DATA FOR THE TASK section start

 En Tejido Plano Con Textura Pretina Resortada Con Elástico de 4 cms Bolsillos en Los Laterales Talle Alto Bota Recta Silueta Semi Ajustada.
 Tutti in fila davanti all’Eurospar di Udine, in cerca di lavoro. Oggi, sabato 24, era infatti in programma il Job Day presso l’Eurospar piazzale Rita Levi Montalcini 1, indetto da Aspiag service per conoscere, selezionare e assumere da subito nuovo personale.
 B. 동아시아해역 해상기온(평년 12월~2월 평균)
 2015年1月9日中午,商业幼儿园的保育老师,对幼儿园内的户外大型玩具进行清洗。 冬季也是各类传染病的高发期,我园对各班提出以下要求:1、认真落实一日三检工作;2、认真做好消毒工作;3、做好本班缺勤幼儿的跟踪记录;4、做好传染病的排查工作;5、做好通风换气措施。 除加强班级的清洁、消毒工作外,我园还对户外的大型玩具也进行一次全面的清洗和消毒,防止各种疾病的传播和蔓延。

DATA FOR THE TASK section end
DATA FOR THE TASK section start

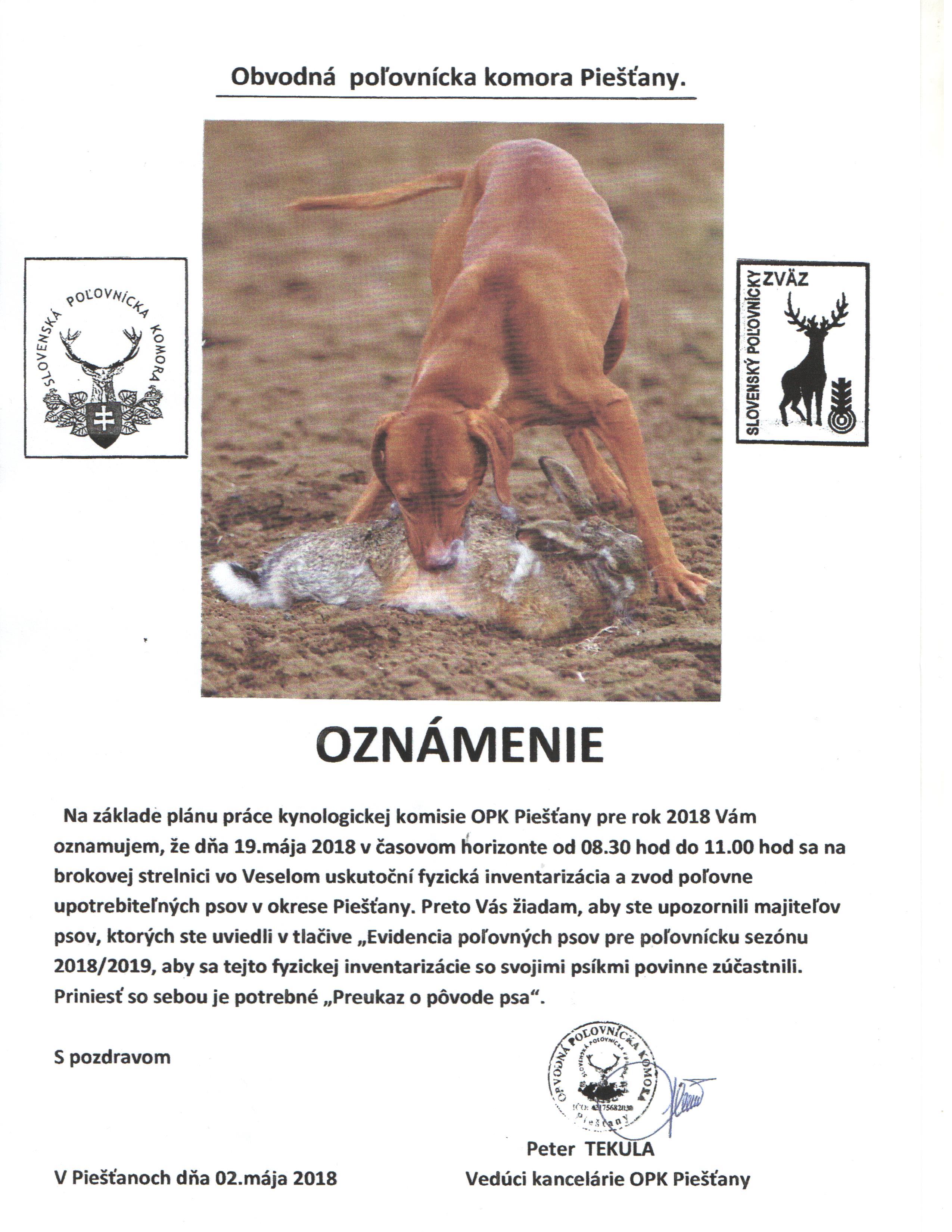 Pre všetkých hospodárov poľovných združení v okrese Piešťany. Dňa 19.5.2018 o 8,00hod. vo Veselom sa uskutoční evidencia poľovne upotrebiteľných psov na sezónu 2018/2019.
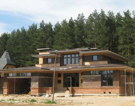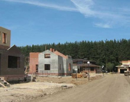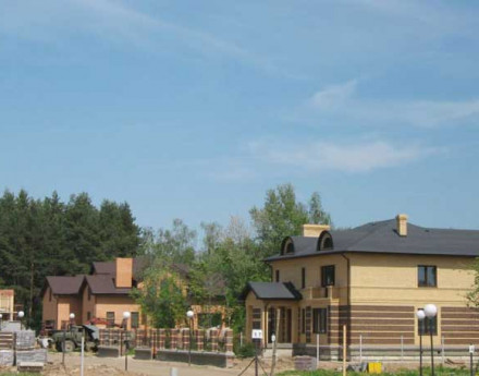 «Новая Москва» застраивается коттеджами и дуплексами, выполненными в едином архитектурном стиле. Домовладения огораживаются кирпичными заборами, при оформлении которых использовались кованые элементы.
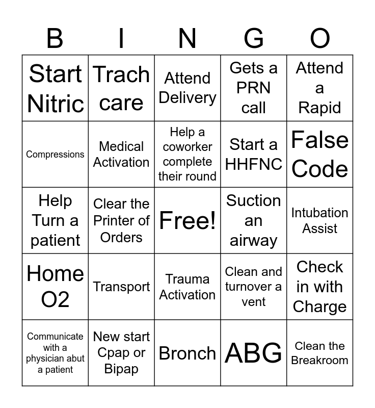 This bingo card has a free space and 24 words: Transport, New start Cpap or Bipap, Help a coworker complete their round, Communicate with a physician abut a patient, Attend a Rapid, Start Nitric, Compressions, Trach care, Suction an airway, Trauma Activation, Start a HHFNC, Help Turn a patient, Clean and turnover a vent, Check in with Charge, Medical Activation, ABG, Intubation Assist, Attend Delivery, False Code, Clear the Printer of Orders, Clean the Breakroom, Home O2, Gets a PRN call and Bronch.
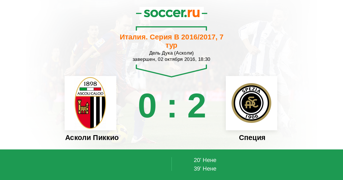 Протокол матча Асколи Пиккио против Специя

DATA FOR THE TASK section end
DATA FOR THE TASK section start

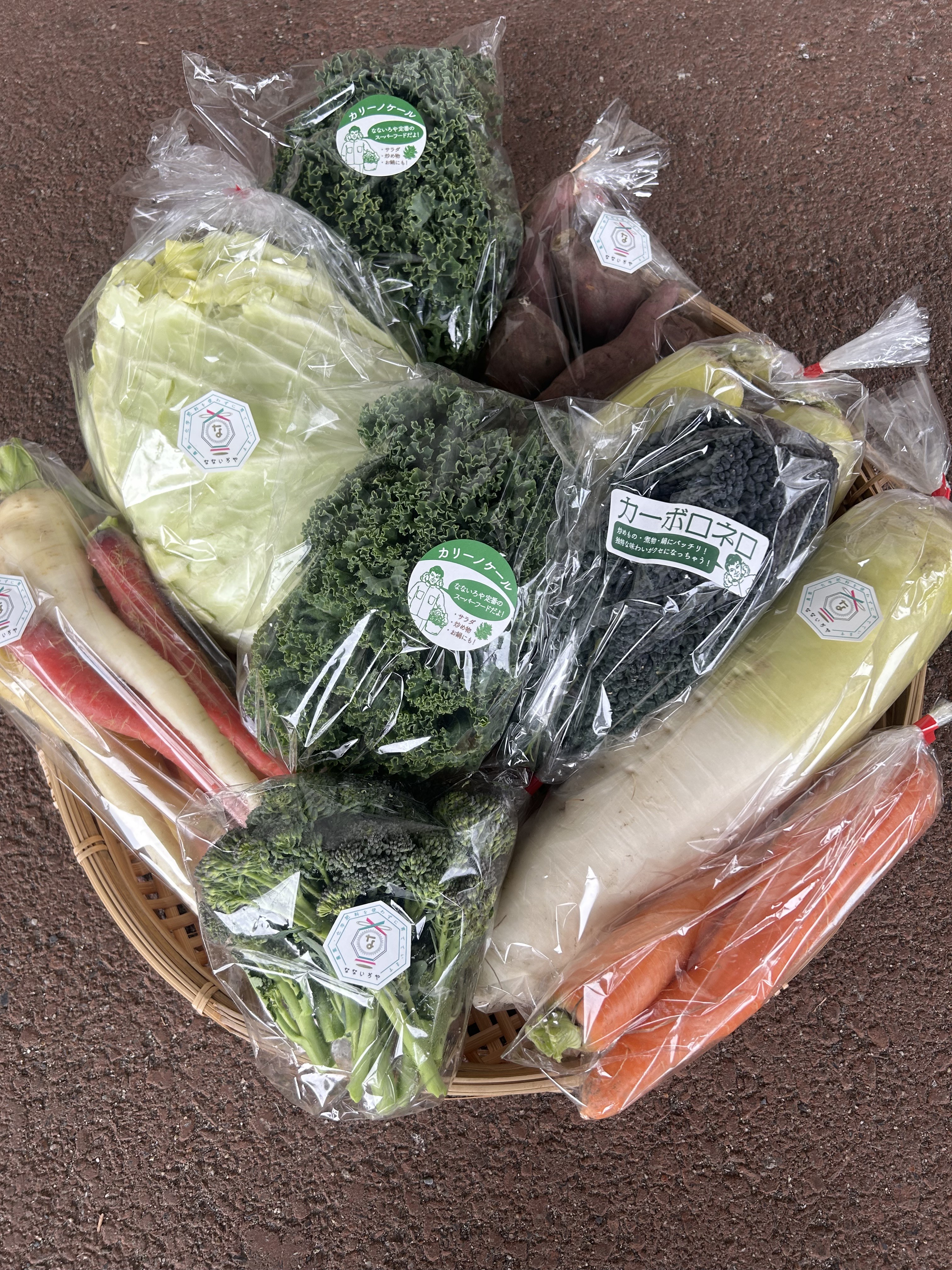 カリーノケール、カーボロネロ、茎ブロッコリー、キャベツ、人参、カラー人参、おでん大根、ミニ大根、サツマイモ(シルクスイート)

DATA FOR THE TASK section end

§ TASK BRIEF
What is needed is an exact copy of the lines above from the one with "This bingo card" to the one with "Протокол матча Асколи Пиккио против Специя", both ends kept, and nothing more; please leave the pictures out.

§ WORKED SOLUTION
 This bingo card has a free space and 24 words: Transport, New start Cpap or Bipap, Help a coworker complete their round, Communicate with a physician abut a patient, Attend a Rapid, Start Nitric, Compressions, Trach care, Suction an airway, Trauma Activation, Start a HHFNC, Help Turn a patient, Clean and turnover a vent, Check in with Charge, Medical Activation, ABG, Intubation Assist, Attend Delivery, False Code, Clear the Printer of Orders, Clean the Breakroom, Home O2, Gets a PRN call and Bronch.
 Протокол матча Асколи Пиккио против Специя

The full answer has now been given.